I have the problem that the dataframe from my import (stock prices from Yahoo) are not correct for a specific time period. I want to clear the data from 2010-01-01 until 2017-10-17 for "VAR1.DE" and replace it empty or with NaN. I have found the panda function "drop" but this will delete the hole column.

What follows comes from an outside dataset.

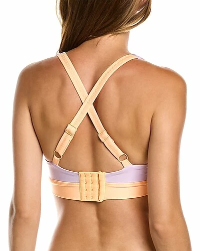 - Solid Scoop Bra Top in orchid/orange with colorblocked design, adjustable back straps and removable soft cups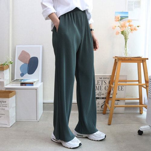 [신상오픈런]여성 플리츠 와이드 팬츠 밴딩 찰랑핏 등원룩

How can I solve the problem?

Here is my code:

from pandas_datareader import data as web
import pandas as pd
import numpy as np
from datetime import datetime

assets = ['1211.HK','BABA','BYND','CAP.DE','JKS','PLUG','QCOM','VAR1.DE']
weights = np.array([0.125,0.125,0.125,0.125,0.125,0.125,0.125,0.125])
stockStartDate='2010-01-01'
today = datetime.today().strftime('%Y-%m-%d')

df = pd.DataFrame()

for stock in assets:
 df[stock]=web.DataReader(stock, data_source='yahoo', start=stockStartDate,end=today)['Adj Close']
  • 1
    Does this answer your question? [How to delete rows from a pandas DataFrame based on a conditional expression](https://stackoverflow.com/questions/13851535/how-to-delete-rows-from-a-pandas-dataframe-based-on-a-conditional-expression) – IoaTzimas Jan 01 '21 at 00:30

1 Answers1

0

instead of having a for loop, you can simply do:

df = web.DataReader(name=assets, data_source='yahoo', start=stockStartDate, end=today)['Adj Close']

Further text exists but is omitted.